Die Bulimia nervosa ist eine Essstörung und zählt zu den psychischen Erkrankungen. Bulimikerinnen und Bulimiker leiden unter häufigen, immer wiederkehrenden und unkontrollierbaren Essattacken , bei denen sie große Mengen an Lebensmitteln verzehren. Aus Scham, Selbstekel und Angst vor einer Gewichtszunahme versuchen sie anschließend, die aufgenommene Nahrung wieder loszuwerden. Mit der Erkrankung einher geht oftmals, dass Betroffene ihre Essattacken und die Maßnahmen zur Gewichtskontrolle sorgsam und trickreich vor anderen verbergen.
An Bulimie Erkrankte nehmen ihren Körperbau oft verzerrt wahr, empfinden sich als zu dick und machen sich große Sorgen um ihre Außenwirkung. Sie sind häufig pessimistisch eingestellt und ihr Selbstwertgefühl ist eng mit ihrem Gewicht verknüpft. Einige leiden unter depressiven Verstimmungen und sind suizidgefährdet.

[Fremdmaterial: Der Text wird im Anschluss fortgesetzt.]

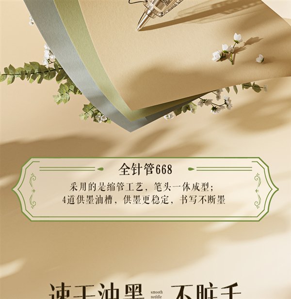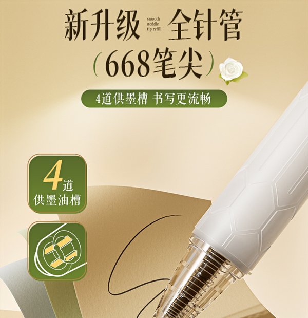 新升级全针管668笔尖,4 道供墨槽,书写更流畅。

Bulimie wird umgangssprachlich auch als Ess-Brech-Sucht bezeichnet, obwohl es grundsätzlich zwei Formen gibt:
- Purging-Typ (purge = englisch für Säuberung): Betroffene erbrechen die Nahrung willentlich oder greifen zu Abführmitteln.
- Non-Purging-Typ: Betroffene versuchen die zugeführten Kalorien durch Fasten oder intensiven Sport abzubauen.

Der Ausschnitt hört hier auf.